W 2010 r. polskie firmy inwestowały za granicą 4,1 mld EUR, zwiększając skumulowaną kwotę do 29,1 mld EUR. I rząd zauważył, że polskim firmom trzeba pomóc. "Rozpoczynamy pilotażowy program parcia polskich inwestycji za granicą. Zaczynamy od sześciu rynków: Czech, Niemiec, Ukrainy, Francji, Rosji i Wielkiej Brytanii" - zapowiada Sławomir Majman, prezes Polskiej Agencji Informacji i Inwestycji Zagranicznych (PAIIZ).

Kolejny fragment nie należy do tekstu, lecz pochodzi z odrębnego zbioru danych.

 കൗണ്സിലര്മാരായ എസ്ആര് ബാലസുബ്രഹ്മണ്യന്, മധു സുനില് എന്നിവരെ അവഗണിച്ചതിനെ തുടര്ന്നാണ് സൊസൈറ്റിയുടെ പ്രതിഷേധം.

Mimo że od kilku lat przy ambasadach działają specjalnie dla biznesu powołane Wydziały Promocji Handlu i Inwestycji, to przedsiębiorcy nie mieli za bardzo na kogo liczyć. "Wydziały nie są wyspecjalizowane. My obsługujemy zagranicznych inwestorów w Polsce i wiemy, czego potrzebują polskie firmy za granicą. Polscy inwestorzy zasługują na wsparcie" - uważa Sławomir Majman.
Przedsiębiorcy podchodzą do informacji ostrożnie. "To ciekawa inicjatywa, jednakże wszystko będzie zależało od sprawności i skuteczności partnerów PAIIZ, w szczególności w krajach, które jedynie deklaratywnie wspierają inwestycje zagraniczne" - komentuje Stanisław Waśko, wiceprezes Can-Packu, producenta puszek z fabrykami w Polsce, Indiach, Rosji, Zjednoczonych Emiratach Arabskich, Wielkiej Brytanii, Rumunii i na Ukrainie.
Na razie pomoc agencji będzie dość symboliczna. Równie symboliczny jest budżet, którym PAIIZ będzie dysponować w tym roku. "W tym tygodniu powinniśmy otrzymać dotację na działania wspierające polskie inwestycje zagraniczne. Wyniesie ona 150 tys. zł" - mówi prezes PAIIZ.